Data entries
==============================
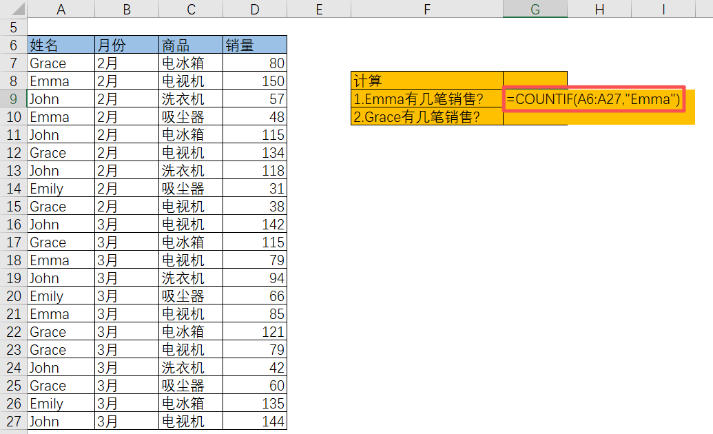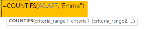 ①第一个参数选中区域,第二个参数选中条件,最终结果计算出在选中区域中Emma出现了几次;
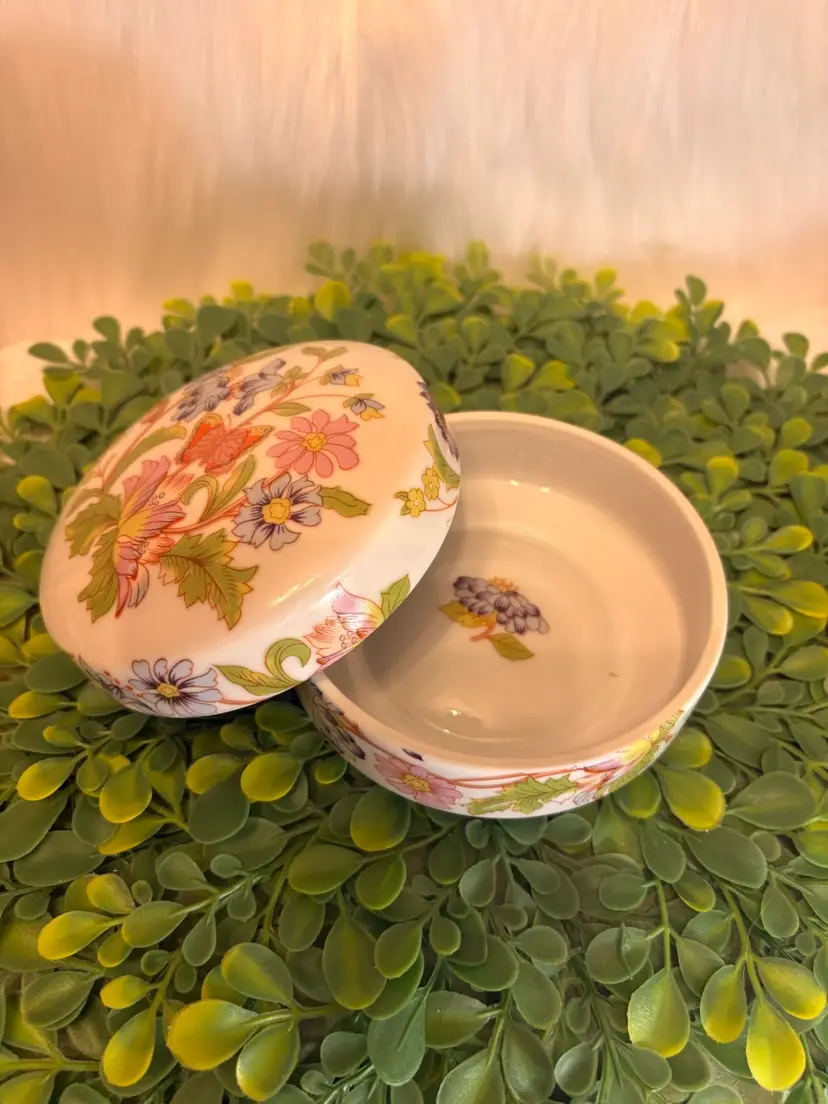 Vintage Seymour Mann “Country Butterfly” Porcelain Trinket Dish with lid, flower details line up perfectly for a seamless look
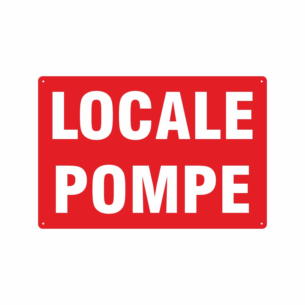 Cartello in alluminio preverniciato rosso spessore 0,5 mm, stampa serigrafica scritta Locale Pompe Antincendio. Formato 300x200 mm. Conforme D.Lgs. 81-08, UNI 7543.
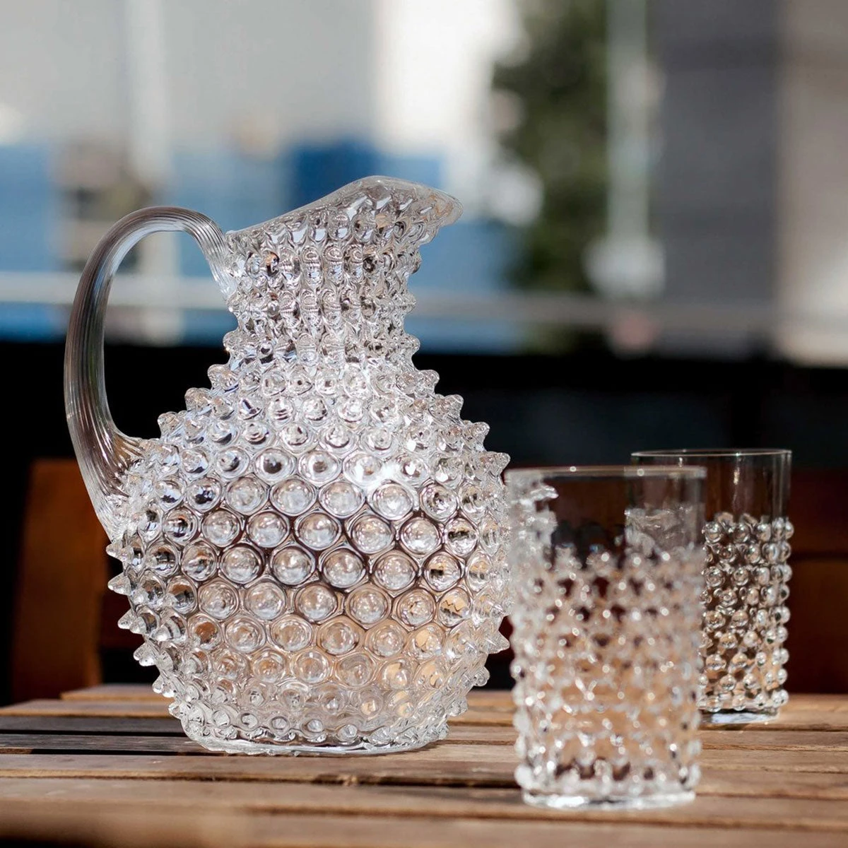 Wein, Limo, Sprudelwasser oder Fruchtbowle – in einem Hobnail Jug wird jedes Getränk zum Hingucker auf dem Tisch. Die moderne Herangehensweise an die böhmische Glastradition kombiniert mit der Eleganz des Kristallglases lässt dein Interieur strahlen.
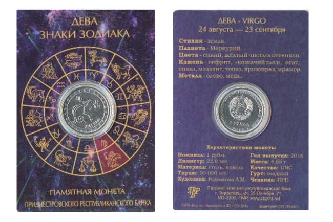 Тирасполь, 10 августа. /ИА «Новости Приднестровья"/. Приднестровский республиканский банк выпустил буклет с памятной монетой «Дева» серии «Знаки зодиака» из недрагоценных металлов номиналом 1 рубль.
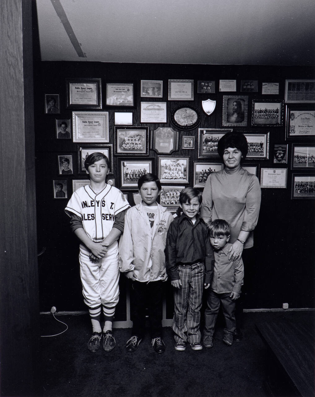 DescriptionWoman standing with four boys, arranged in descending height order in front of a wall full of framed award certificates. Portfolio.
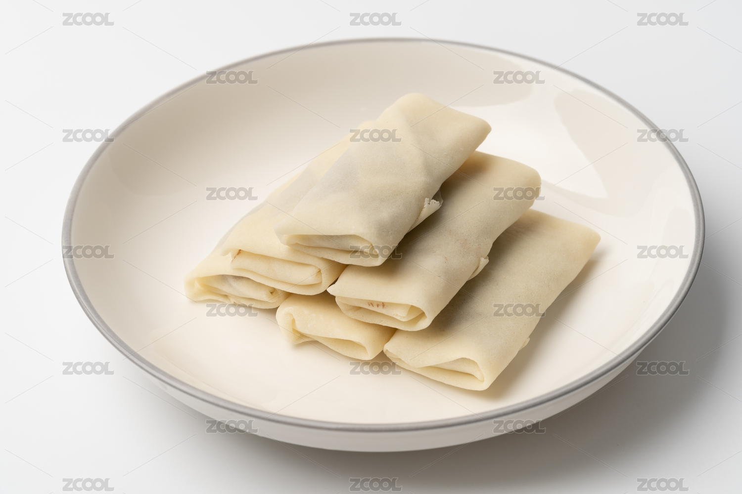 木纹桌上的速冻春卷
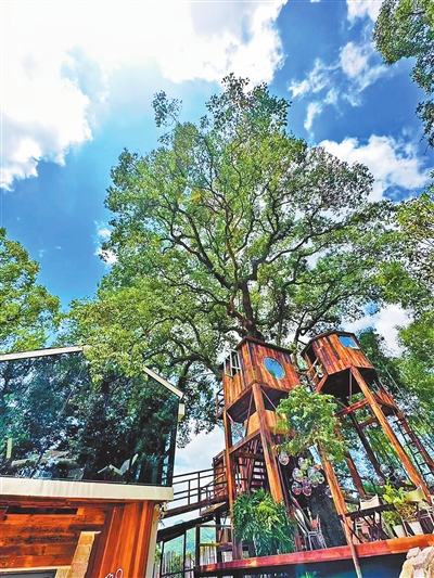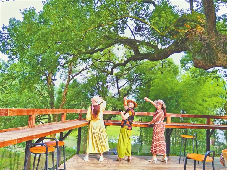 “坐在古樟下面,品品咖啡,发发呆,这慢生活太悠闲了!”专门从新余市区开车1小时来此“打卡”的何先生一脸惬意。
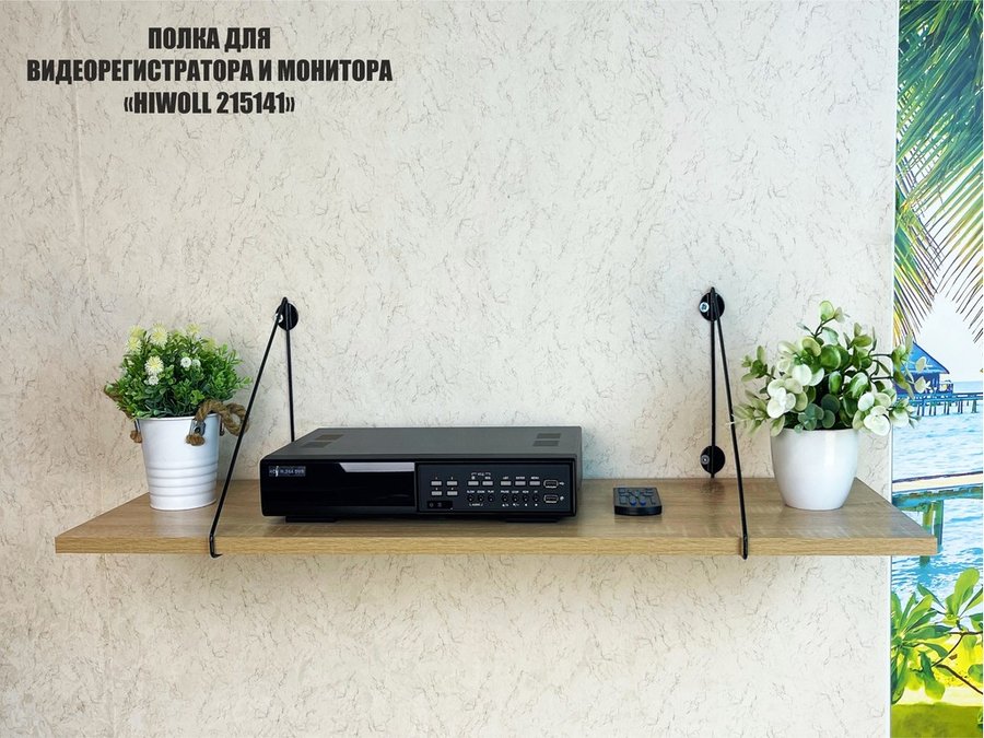 Полка для видеорегистратора и монитора "HIWOLL 215141" высота 26 см размер 90х30 см черный и дуб
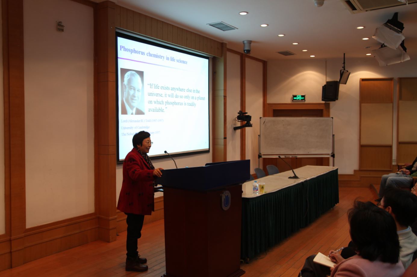 赵院士还在J201为上大师生做了题为"磷与生命起源"的学术报告。本次报告是理学院"当代前沿讲坛"第245讲、化学系"今日化学"第203讲。报告由陈雅丽教授主持。赵院士阐述了磷和生命起源的内在关系。她介绍"磷酰化氨基酸是蛋白质和核酸的共同起源"著名理论提出的背景,特别是磷和氨基酸结合得到的磷酰化氨基酸是生命进化的最小系统,可以与氨基酸结合形成肽,还可以与核苷作用成为核苷酸等,并由此得出磷是生命化学过程调控中心的结论。在进一步阐述生命起源的过程时,赵院士还列举了剧毒的5分子的HCN气体发生反应生成1分子腺嘌呤,从而推测在恶劣的远古地球环境下有可能经过这样的反应却生成了三磷酸腺苷的腺嘌呤,进一步诱导产生了最早的蛋白质ATP结合蛋白。通过本次讲座,广大师生深入了解了生命起源和磷化学的关系,领略了院士严谨的科研态度、睿智的大师风范。
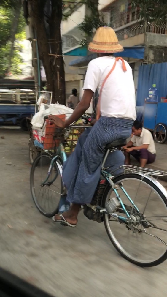 I clutch the centerfold of my lyongi now and then, in an attempt to make sure it doesn’t get tucked between my legs causing me to trip. I marvel at the grace with which men ride past me on their bicycles, dressed exactly as I am.
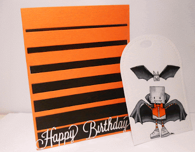 I finished off by outlining the main characters in B000 then again but finer with B00. Anything that wasn't clearly stamped I went over with my multiliner pen. This is quite a large card so I made it a long card and the 'birthday' die sentiment is being held up by the robot and the birthday is holding up the 'happy' sentiment.
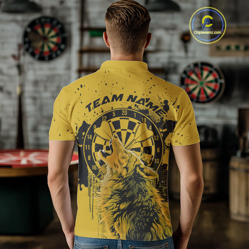 Custom Grunge Splatter Yellow Wolf Dart Men Polo Shirt, Wolf Dart Team Jerseys IPHW10018
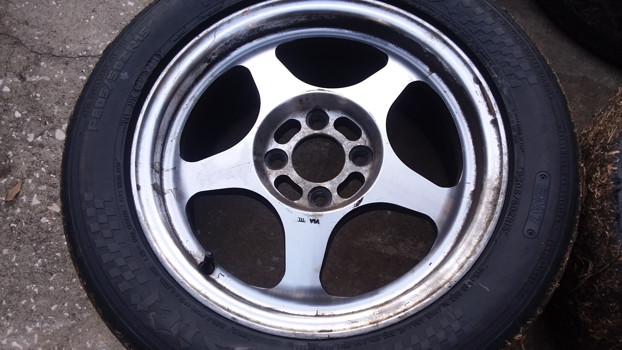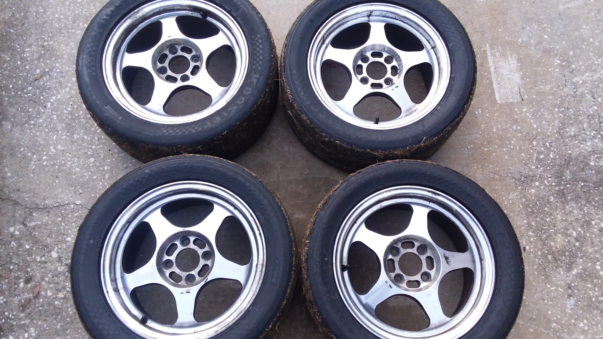 I usually keep two sets of spare wheels when I go to the track. I'm buying another set now and won't have room for all of them. I've decided to sell my trusty Rota Slipstreams which are shod with a good set Hoosier sm7 with only 6 heat cycles. The clear coat has been bad on these wheels since the day I got them but they are very light, straight, and true. They fit over my V8R 11.75 big brake kit with only one 5 mm spacer.
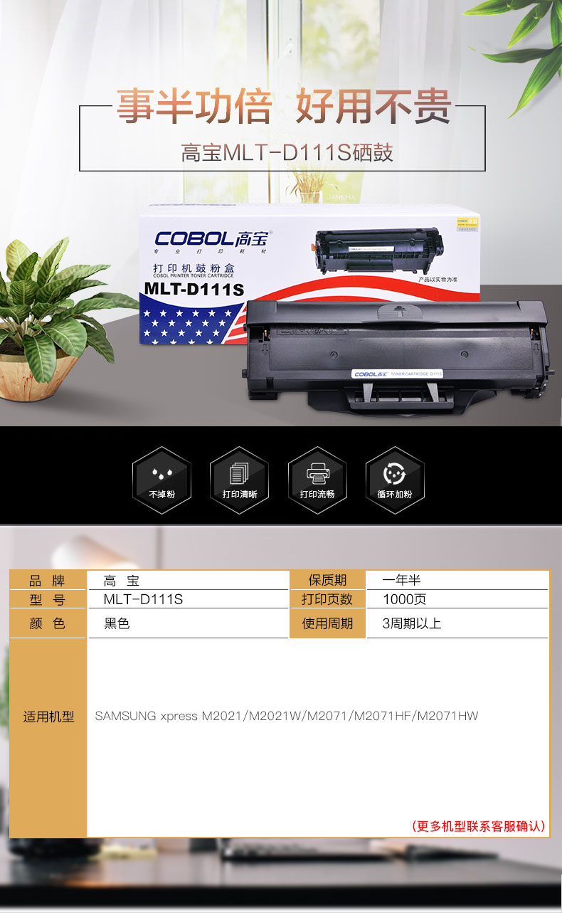 > 办公耗材 复印纸 硒鼓 > 打印耗材 > 硒鼓 > 高宝 COBOL MLT-D111S标准版硒鼓 黑色适用三星M2021/M2021W/M2071/M2071HF/M2071HW| 产品名称 : | 高宝 COBOL MLT-D111S标准版硒鼓 黑色适用三星M2021/M2021W/M2071/M2071HF/M2071HW |
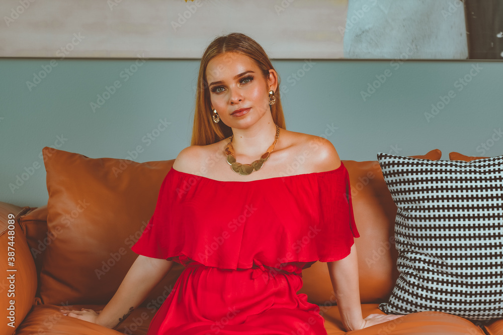 Summer sand beach with tropical sea, palm leaves and sunlight in the background
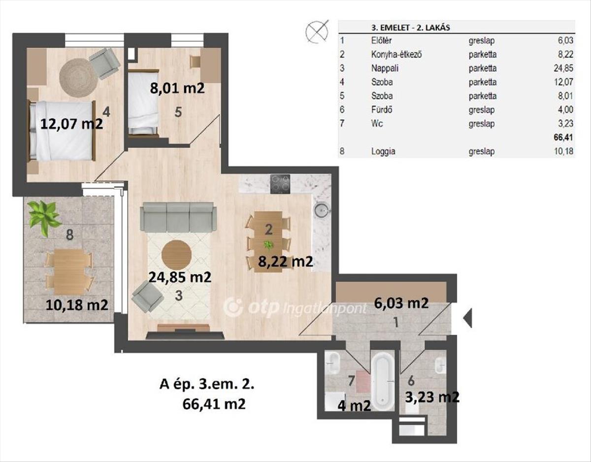 Prémium új építésű otthonok Zuglóban, ahol az infrastruktúra és a nyugalom találkozik. Eladó nappali plusz 2 hálószobás, harmadik emeleti, 66, 41 nm -es lakás. Az otthon kényelméhez hozzájárul továbbá a 10, 18 nm -es loggia. Budapest XIV. kerületének egyik csendes, mégis kiváló közlekedéssel és infrastruktúrával rendelkező részén kínálunk megvételre kiemelkedő minőségű, új építésű lakásokat egy exkluzív, kis lakásszámú projektben. a beruházás két különálló épületből áll, épületenként 3 szint, összesen 22 lakás, amely ideális választás mind saját otthonnak, mind értékálló befektetésnek. Megbízható, tapasztalt kivitelező, osztrák minőségi szemléletet követ. a projektet referenciákkal rendelkező, nagy tapasztalatú kivitelező valósítja meg, aki a munkálatok során szigorúan betartja az osztrák építőipari szabályokat és minőségi előírásokat. Az eredmény: hosszú távon is értékálló, prémium szintű lakóingatlan. Lakástípusok minden élethelyzetre találhatóak itt. Lakásméretek garzontól egészen 5 szobás otthonig. Földszinten kertkapcsolatos lakásokat terveztek. Parkosított, közös használatú belső udvart alakítanak ki szabadidőtöltésre. Főbb jellemzők: modern, energiatudatos műszaki tartalom: házközponti hűtés-fűtés hőszivattyúkkal, oldalfali fan-coil készülékek, napelemes villamosenergia-ellátás, teremgarázsban vásárolható parkolóhelyek, emelő berendezéssel. Kiemelkedő szerkezeti és akusztikai megoldások:hanggátló lakáselválasztó rendszer;- Prémium belső anyaghasználat, pl. Lakásokon belül vízálló laminált padló; fóliázott fehér vagy festhető mdf szegélyek; prémium német villamos anyagok. : Átadás: 2026. Év vége.
==============================
### Work request
Reproduce each entry exactly as written, but leave out the images.

### Result of the task
 ①第一个参数选中区域,第二个参数选中条件,最终结果计算出在选中区域中Emma出现了几次;
 Vintage Seymour Mann “Country Butterfly” Porcelain Trinket Dish with lid, flower details line up perfectly for a seamless look
 Cartello in alluminio preverniciato rosso spessore 0,5 mm, stampa serigrafica scritta Locale Pompe Antincendio. Formato 300x200 mm. Conforme D.Lgs. 81-08, UNI 7543.
 Wein, Limo, Sprudelwasser oder Fruchtbowle – in einem Hobnail Jug wird jedes Getränk zum Hingucker auf dem Tisch. Die moderne Herangehensweise an die böhmische Glastradition kombiniert mit der Eleganz des Kristallglases lässt dein Interieur strahlen.
 Тирасполь, 10 августа. /ИА «Новости Приднестровья"/. Приднестровский республиканский банк выпустил буклет с памятной монетой «Дева» серии «Знаки зодиака» из недрагоценных металлов номиналом 1 рубль.
 DescriptionWoman standing with four boys, arranged in descending height order in front of a wall full of framed award certificates. Portfolio.
 木纹桌上的速冻春卷
 “坐在古樟下面,品品咖啡,发发呆,这慢生活太悠闲了!”专门从新余市区开车1小时来此“打卡”的何先生一脸惬意。
 Полка для видеорегистратора и монитора "HIWOLL 215141" высота 26 см размер 90х30 см черный и дуб
 赵院士还在J201为上大师生做了题为"磷与生命起源"的学术报告。本次报告是理学院"当代前沿讲坛"第245讲、化学系"今日化学"第203讲。报告由陈雅丽教授主持。赵院士阐述了磷和生命起源的内在关系。她介绍"磷酰化氨基酸是蛋白质和核酸的共同起源"著名理论提出的背景,特别是磷和氨基酸结合得到的磷酰化氨基酸是生命进化的最小系统,可以与氨基酸结合形成肽,还可以与核苷作用成为核苷酸等,并由此得出磷是生命化学过程调控中心的结论。在进一步阐述生命起源的过程时,赵院士还列举了剧毒的5分子的HCN气体发生反应生成1分子腺嘌呤,从而推测在恶劣的远古地球环境下有可能经过这样的反应却生成了三磷酸腺苷的腺嘌呤,进一步诱导产生了最早的蛋白质ATP结合蛋白。通过本次讲座,广大师生深入了解了生命起源和磷化学的关系,领略了院士严谨的科研态度、睿智的大师风范。
 I clutch the centerfold of my lyongi now and then, in an attempt to make sure it doesn’t get tucked between my legs causing me to trip. I marvel at the grace with which men ride past me on their bicycles, dressed exactly as I am.
 I finished off by outlining the main characters in B000 then again but finer with B00. Anything that wasn't clearly stamped I went over with my multiliner pen. This is quite a large card so I made it a long card and the 'birthday' die sentiment is being held up by the robot and the birthday is holding up the 'happy' sentiment.
 Custom Grunge Splatter Yellow Wolf Dart Men Polo Shirt, Wolf Dart Team Jerseys IPHW10018
 I usually keep two sets of spare wheels when I go to the track. I'm buying another set now and won't have room for all of them. I've decided to sell my trusty Rota Slipstreams which are shod with a good set Hoosier sm7 with only 6 heat cycles. The clear coat has been bad on these wheels since the day I got them but they are very light, straight, and true. They fit over my V8R 11.75 big brake kit with only one 5 mm spacer.
 > 办公耗材 复印纸 硒鼓 > 打印耗材 > 硒鼓 > 高宝 COBOL MLT-D111S标准版硒鼓 黑色适用三星M2021/M2021W/M2071/M2071HF/M2071HW| 产品名称 : | 高宝 COBOL MLT-D111S标准版硒鼓 黑色适用三星M2021/M2021W/M2071/M2071HF/M2071HW |
 Summer sand beach with tropical sea, palm leaves and sunlight in the background
 Prémium új építésű otthonok Zuglóban, ahol az infrastruktúra és a nyugalom találkozik. Eladó nappali plusz 2 hálószobás, harmadik emeleti, 66, 41 nm -es lakás. Az otthon kényelméhez hozzájárul továbbá a 10, 18 nm -es loggia. Budapest XIV. kerületének egyik csendes, mégis kiváló közlekedéssel és infrastruktúrával rendelkező részén kínálunk megvételre kiemelkedő minőségű, új építésű lakásokat egy exkluzív, kis lakásszámú projektben. a beruházás két különálló épületből áll, épületenként 3 szint, összesen 22 lakás, amely ideális választás mind saját otthonnak, mind értékálló befektetésnek. Megbízható, tapasztalt kivitelező, osztrák minőségi szemléletet követ. a projektet referenciákkal rendelkező, nagy tapasztalatú kivitelező valósítja meg, aki a munkálatok során szigorúan betartja az osztrák építőipari szabályokat és minőségi előírásokat. Az eredmény: hosszú távon is értékálló, prémium szintű lakóingatlan. Lakástípusok minden élethelyzetre találhatóak itt. Lakásméretek garzontól egészen 5 szobás otthonig. Földszinten kertkapcsolatos lakásokat terveztek. Parkosított, közös használatú belső udvart alakítanak ki szabadidőtöltésre. Főbb jellemzők: modern, energiatudatos műszaki tartalom: házközponti hűtés-fűtés hőszivattyúkkal, oldalfali fan-coil készülékek, napelemes villamosenergia-ellátás, teremgarázsban vásárolható parkolóhelyek, emelő berendezéssel. Kiemelkedő szerkezeti és akusztikai megoldások:hanggátló lakáselválasztó rendszer;- Prémium belső anyaghasználat, pl. Lakásokon belül vízálló laminált padló; fóliázott fehér vagy festhető mdf szegélyek; prémium német villamos anyagok. : Átadás: 2026. Év vége.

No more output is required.